Note gradientAccumulation()
is only needed by poptorch.PipelinedExecution
.
See also poptorch.Block
.
1 # Create a poptorch.Options instance to override default options
2 opts = poptorch.Options()
3
4 # Run a 100 iteration loop on the IPU, fetching a new batch each time
5 opts.deviceIterations(400)
6
7 # Accumulate the gradient 8 times before applying it.
8 opts.Training.gradientAccumulation(8)
9
10 training_data = poptorch.DataLoader(opts,
11 dataset=ExampleDataset(shape=[3, 2],
12 length=100000),
13 batch_size=model_batch_size,
14 shuffle=True,
15 drop_last=True)
16
17 # Wrap the model in a PopTorch training wrapper
18 poptorch_model = poptorch.trainingModel(model, options=opts)
19
20 # Run over the training data with "batch_size" 200 essentially.

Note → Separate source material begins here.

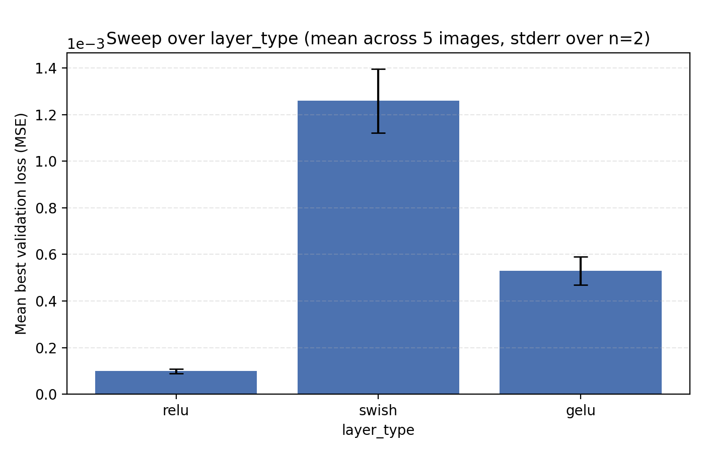 The final choice we look at is the activation function. Since we are using positional encodings, we are only comparing some standard choices, specifically ReLU, GELU and Swish. So far all our sweeping has been done with ReLU so it perhaps should not be a surprise that it performs best. Still, its margin is at least slightly remarkable.

21 for batch_number, (data, labels) in enumerate(training_data):
22 # Execute the device with a 100 iteration loop of batchsize 2 across
23 # 4 IPUs. "output" and "loss" will be the respective output and loss of the
24 # final batch of each replica (the default AnchorMode).

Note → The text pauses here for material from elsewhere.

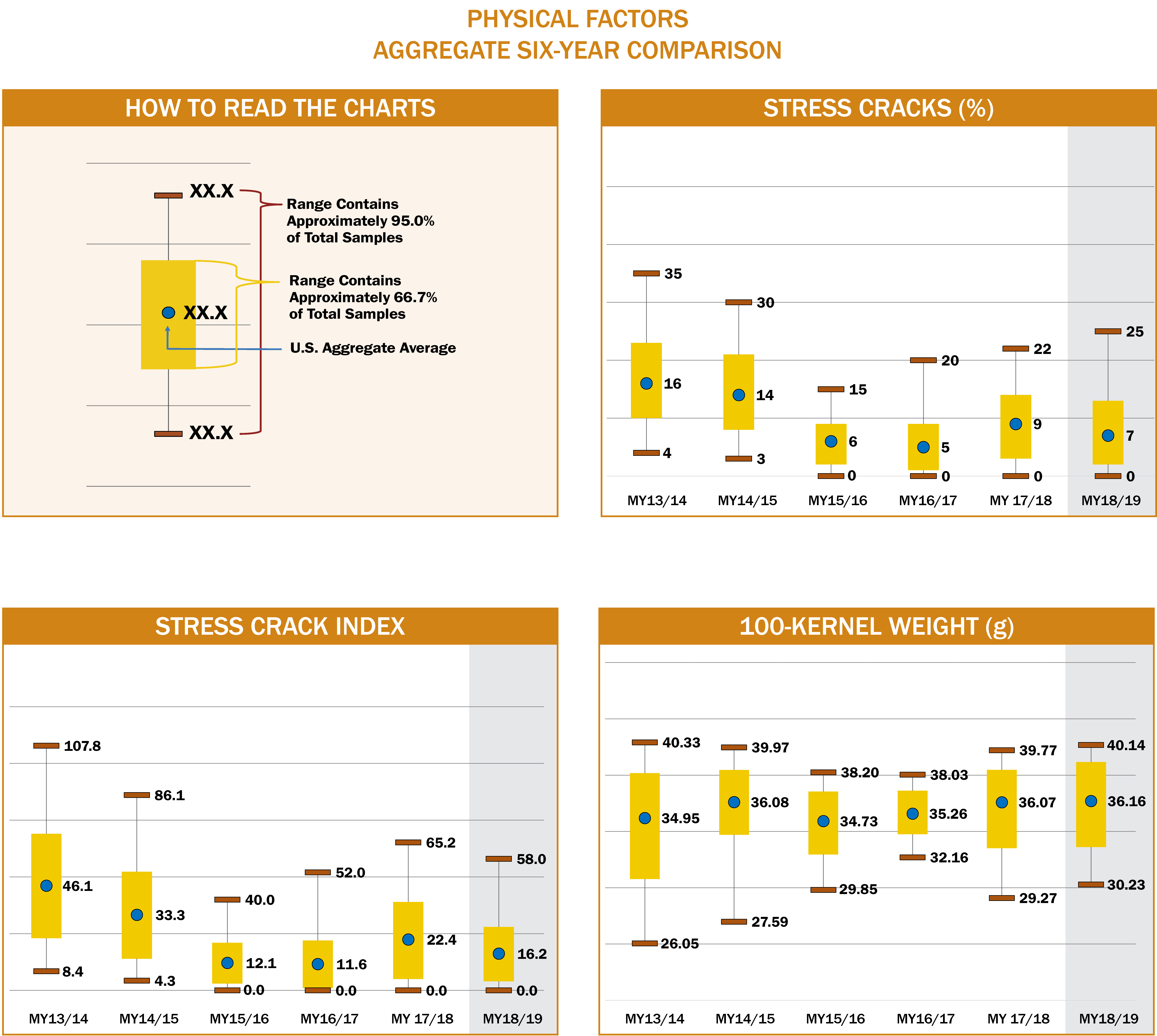 - Of the 2018/2019 export samples, 11.5% had 15% or higher stress cracks, compared with 16.0% in 2017/2018 and 5.6% in 2016/2017.

25 output, loss = poptorch_model(data, labels)
26 print(f"{labels[-1]}, {output}, {loss}")
In the code example below, poptorch.Block
introduced in
poptorch.isRunningOnIpu is used to divide up
a different model into disjoint subsets of layers.

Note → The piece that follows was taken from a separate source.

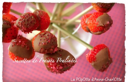 Y'a pas de doute, ce sont bien les dernières fraises du jardin pour cette saison. Alors profitons en pour les chouchouter et leur donner fière allure. Sucettes de Fraises Pralinées Ingrédients pour une vingtaine de sucettes : - 250g de fraises "du jardi [...]

These blocks can be shared among multiple parallel execution strategies.
1class Network(nn.Module):
2 def __init__(self):
3 super(Network, self).__init__()
4 self.layer1 = nn.Linear(784, 784)
5 self.layer2 = nn.Linear(784, 784)
6 self.layer3 = nn.Linear(784, 128)
7 self.layer4 = nn.Linear(128, 10)
8 self.softmax = nn.Softmax(1)
9
10 def forward(self, x):
11 x = x.view(-1, 784)
12 with poptorch.Block("B1"):
13 x = self.layer1(x)
14 with poptorch.Block("B2"):
15 x = self.layer2(x)
16 with poptorch.Block("B3"):
17 x = self.layer3(x)
18 with poptorch.Block("B4"):
19 x = self.layer4(x)
20 x = self.softmax(x)
21 return x
22
23
24class TrainingModelWithLoss(torch.nn.Module):
25 def __init__(self, model):
26 super().__init__()
27 self.model = model
28 self.loss = torch.nn.CrossEntropyLoss()
29
30 def forward(self, args, loss_inputs=None):
31 output = self.model(args)
32 if loss_inputs is None:
33 return output
34 with poptorch.Block("B4"):
35 loss = self.loss(output, loss_inputs)
36 return output, loss
37
38
You can see the code examples of poptorch.SerialPhasedExecution
,
poptorch.PipelinedExecution
, and
poptorch.ShardedExecution
below.
An instance of class poptorch.PipelinedExecution
defines an
execution strategy that assigns layers to multiple IPUs as a pipeline. Gradient
accumulation is used to push multiple batches through the pipeline allowing
IPUs to run in parallel.
1 training_data, test_data = get_mnist_data(opts)
2 model = Network()
3 model_with_loss = TrainingModelWithLoss(model)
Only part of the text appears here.